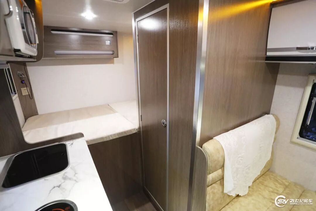 厨房区位于乘客门后方,配置上处于常规水平,桌面上有带白色玻璃盖板的洗菜池及电磁炉,另外从上图可以看出厨房区的储物内部空间也较为丰富。
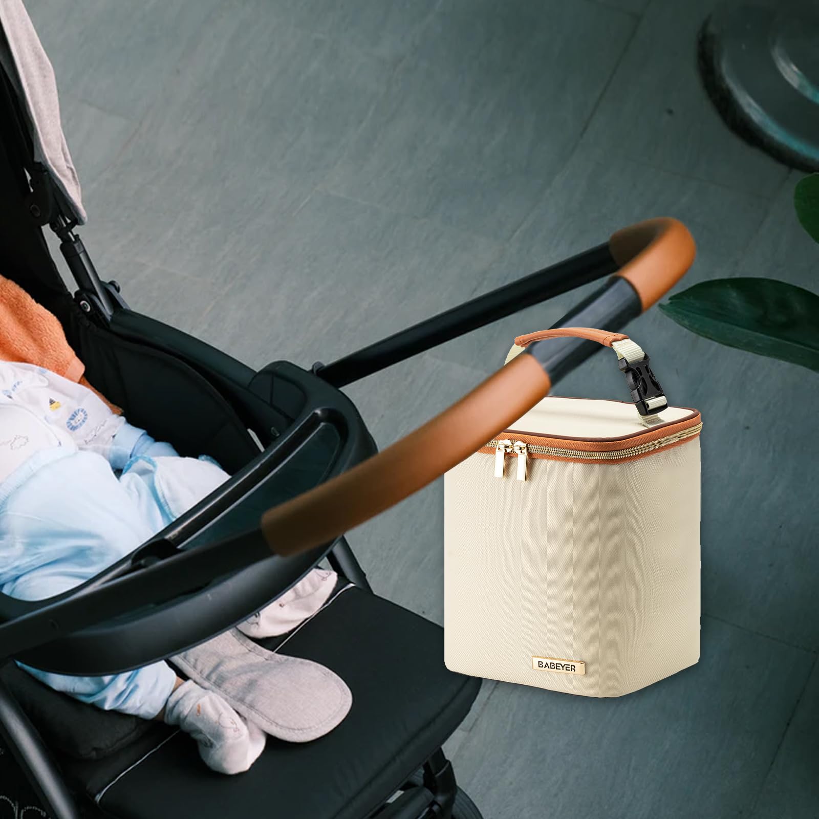 • High Quality:BABEYER Baby bottle bag is made of high Polyester dirt-proof fabric, and durable smooth mental zipper. The lining of the cooler bottle bag are waterproof and wipeable. The side pocket can put some useful items, like phones, keys and so on
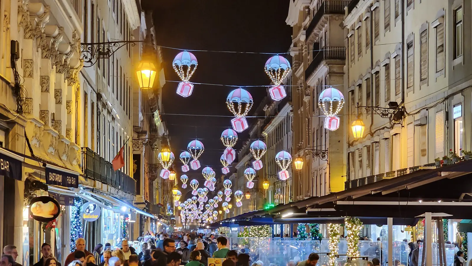 In Chiado and Baixa, Christmas feels intimate and storybook-like. Streets are lined with glowing garlands, classic lampposts wear festive wreaths, and boutique windows showcase beautiful seasonal displays. Chiado’s cafés fill with locals enjoying holiday pastries, while Baixa’s pedestrian streets buzz with street performers, children admiring decorations, and couples strolling under twinkling lights. Everywhere you turn, there’s a sense of warmth, as if the whole neighborhood has embraced the season wholeheartedly. If you love festive city walks, this area is perfect for an evening wander with your camera.

**EXERCISE GOAL**. Starting with the top line, write out all the data above exactly; keep the pictures out.

**RESPONSE BOX**.
 厨房区位于乘客门后方,配置上处于常规水平,桌面上有带白色玻璃盖板的洗菜池及电磁炉,另外从上图可以看出厨房区的储物内部空间也较为丰富。
 • High Quality:BABEYER Baby bottle bag is made of high Polyester dirt-proof fabric, and durable smooth mental zipper. The lining of the cooler bottle bag are waterproof and wipeable. The side pocket can put some useful items, like phones, keys and so on
 In Chiado and Baixa, Christmas feels intimate and storybook-like. Streets are lined with glowing garlands, classic lampposts wear festive wreaths, and boutique windows showcase beautiful seasonal displays. Chiado’s cafés fill with locals enjoying holiday pastries, while Baixa’s pedestrian streets buzz with street performers, children admiring decorations, and couples strolling under twinkling lights. Everywhere you turn, there’s a sense of warmth, as if the whole neighborhood has embraced the season wholeheartedly. If you love festive city walks, this area is perfect for an evening wander with your camera.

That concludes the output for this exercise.